MATERIAL PROVIDED START

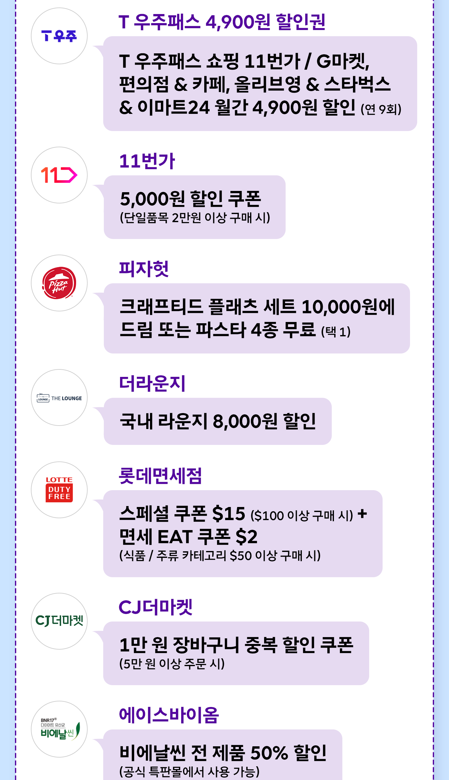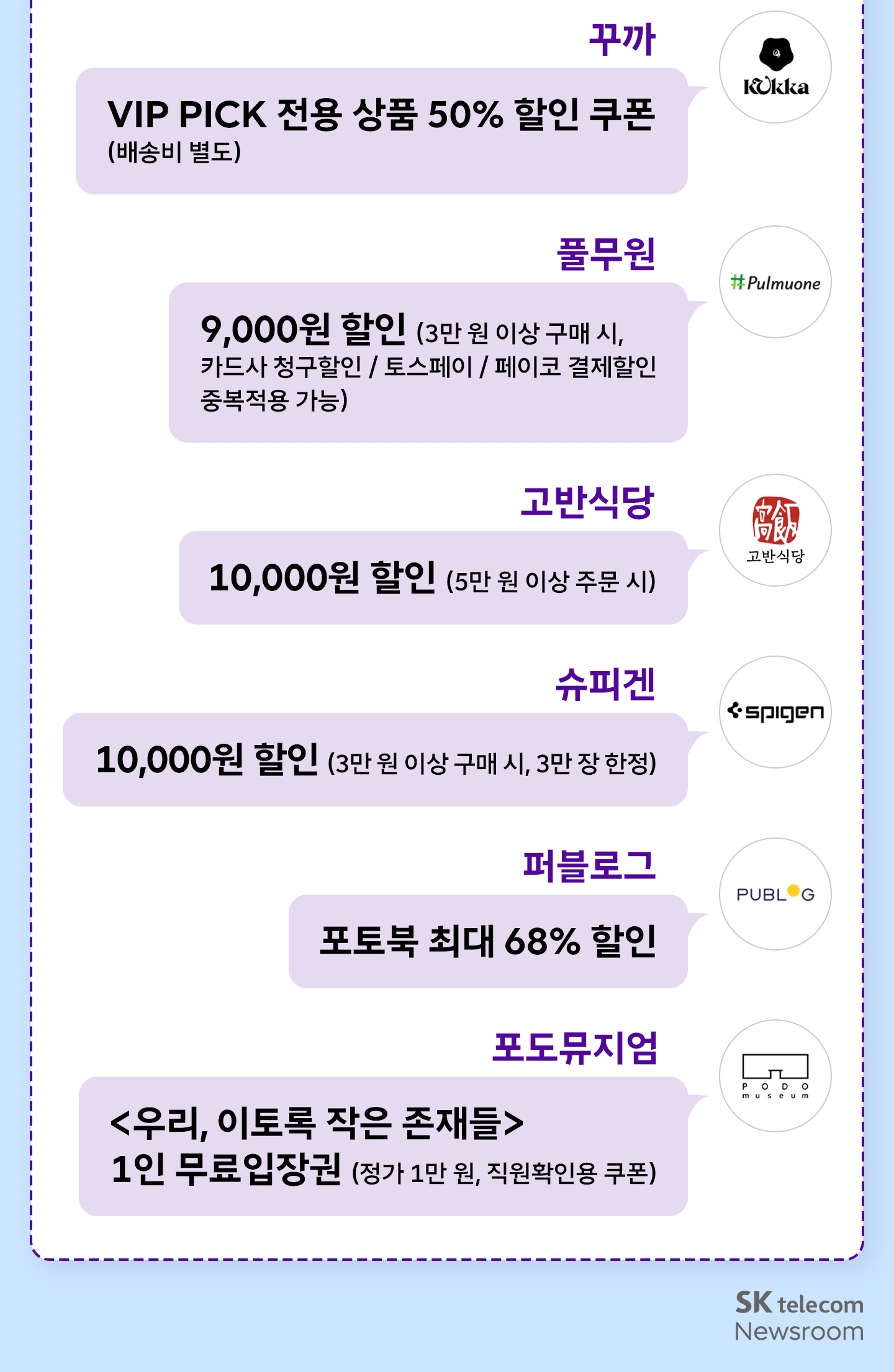 SK텔레콤은 2월 T 멤버십을 통해 일상에서 지속적으로 체감할 수 있는 다양한 식음료 및 생활 혜택을 선보인다. 잠바주스, 백미당, 더벤티 등 50% 할인과 아이스크림 1+1 등 다채로운 혜택이 준비되어 있으며, 가족 단위 방문 혜택도 포함되어 있다. 자세한 내용은 T 멤버십 앱 및 홈페이지에서 확인할 수 있다.
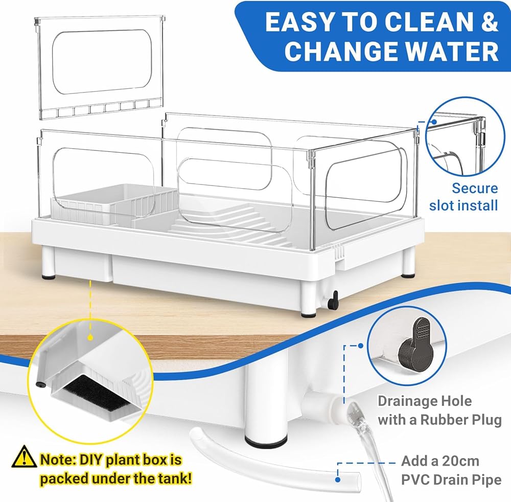 • 【تم تصميم خزانات سلحفاة Gozilla سهلة الاستخدام وسهلة التنظيف مع الصرف السفلي ، مما يتيح سحب القابس المطاطي للمياه الصرف من خلال فتحة صغيرة عند الحافة السفلية. هناك منطقة DIY قابلة للإزالة مجانية ، يمكنك استخدام الأحجار والأشجار الملونة المشمولة لتزيين المناظر الطبيعية لحوض السلاحف.
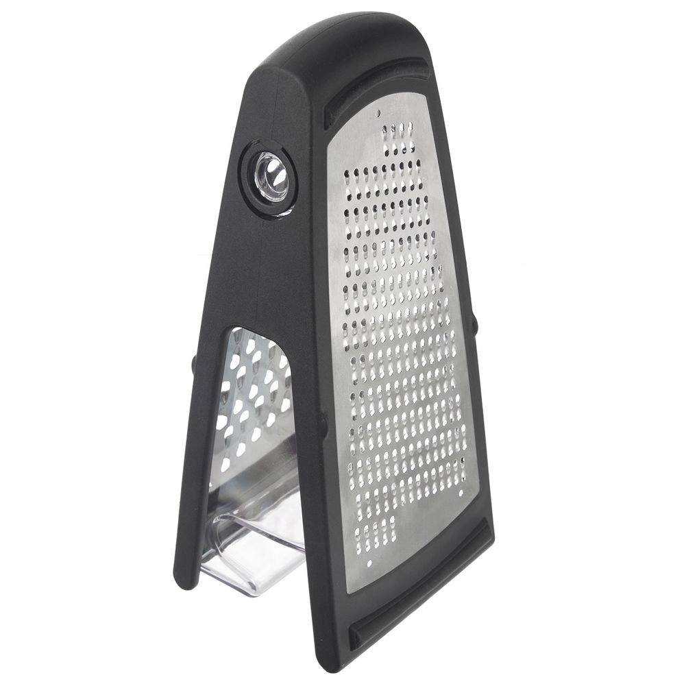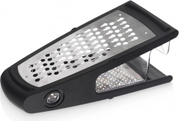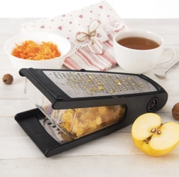 Datorită otelului inoxidabil rezistent și plasticului de calitate, răzătoarea este robustă și totodată ușor de manevrat. Recipientul colectează în siguranță ingredientele răzuite și facilitează transferul lor în bol sau direct în preparat. Răzătoarea este ușor de curățat în mașina de spălat vase, economisind timp și efort.
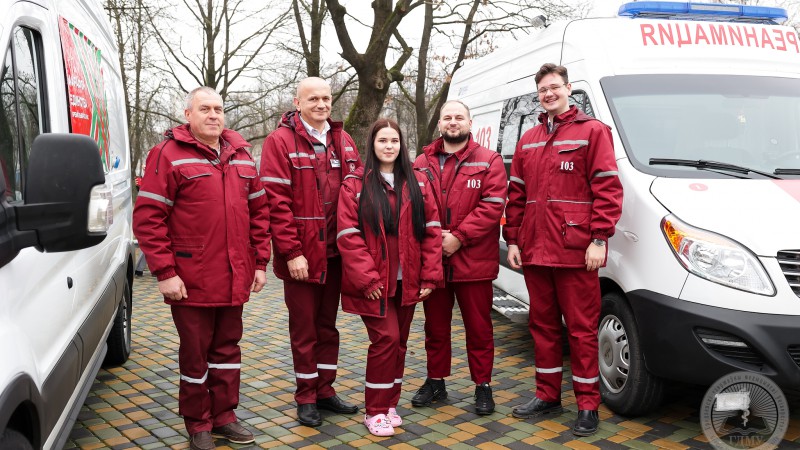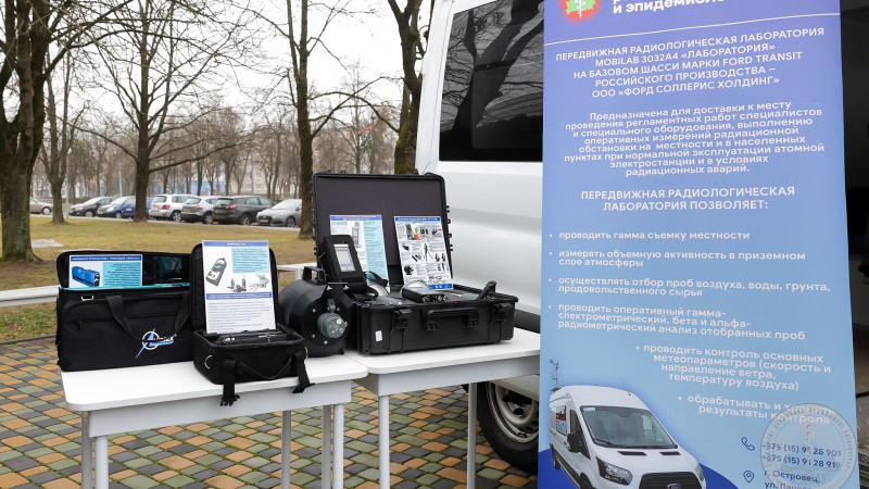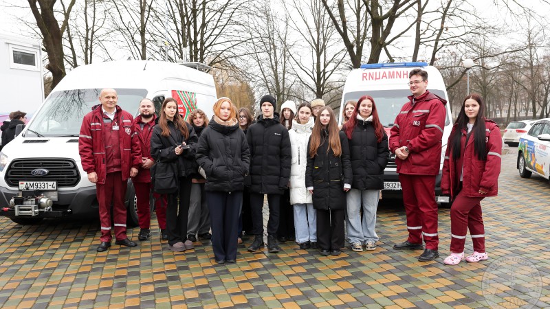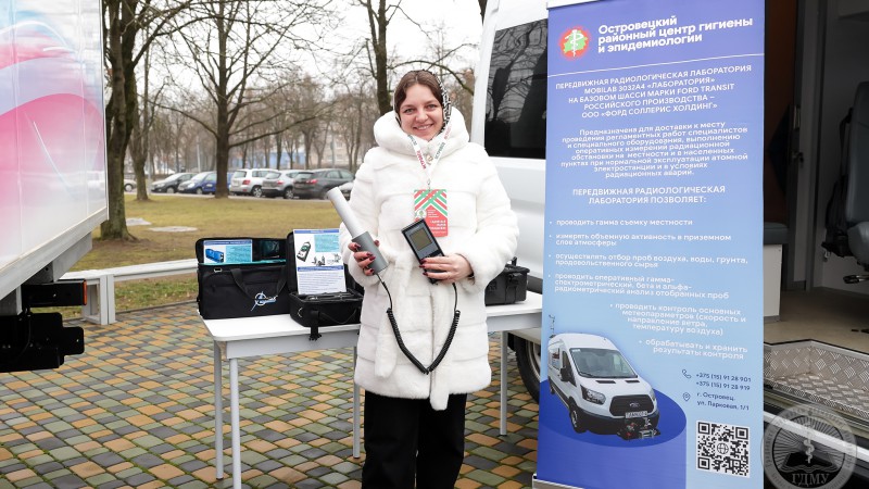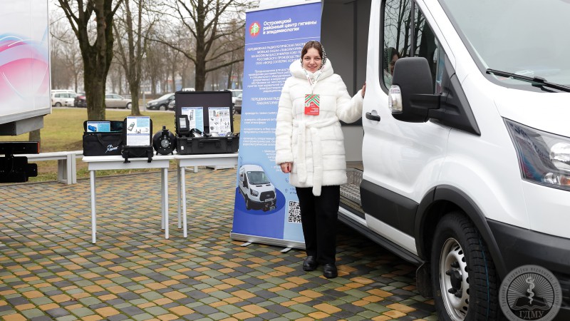 Часть экспозиции выставки «Беларусь. Медицина. Будущее» располагалась и на улице, возле главного входа в корпус вуза. Здесь показаны современная машина скорой медицинской помощи, передвижной ФАП, кабинет рентгенодиагностический передвижной «Маммоэкспресс», радиологическая лаборатория.

MATERIAL PROVIDED END

> [WORK TO BE COMPLETED]: Write out every line above exactly as it is, leaving out the pictures.

> [YOUR RESPONSE]:
 SK텔레콤은 2월 T 멤버십을 통해 일상에서 지속적으로 체감할 수 있는 다양한 식음료 및 생활 혜택을 선보인다. 잠바주스, 백미당, 더벤티 등 50% 할인과 아이스크림 1+1 등 다채로운 혜택이 준비되어 있으며, 가족 단위 방문 혜택도 포함되어 있다. 자세한 내용은 T 멤버십 앱 및 홈페이지에서 확인할 수 있다.
 • 【تم تصميم خزانات سلحفاة Gozilla سهلة الاستخدام وسهلة التنظيف مع الصرف السفلي ، مما يتيح سحب القابس المطاطي للمياه الصرف من خلال فتحة صغيرة عند الحافة السفلية. هناك منطقة DIY قابلة للإزالة مجانية ، يمكنك استخدام الأحجار والأشجار الملونة المشمولة لتزيين المناظر الطبيعية لحوض السلاحف.
 Datorită otelului inoxidabil rezistent și plasticului de calitate, răzătoarea este robustă și totodată ușor de manevrat. Recipientul colectează în siguranță ingredientele răzuite și facilitează transferul lor în bol sau direct în preparat. Răzătoarea este ușor de curățat în mașina de spălat vase, economisind timp și efort.
 Часть экспозиции выставки «Беларусь. Медицина. Будущее» располагалась и на улице, возле главного входа в корпус вуза. Здесь показаны современная машина скорой медицинской помощи, передвижной ФАП, кабинет рентгенодиагностический передвижной «Маммоэкспресс», радиологическая лаборатория.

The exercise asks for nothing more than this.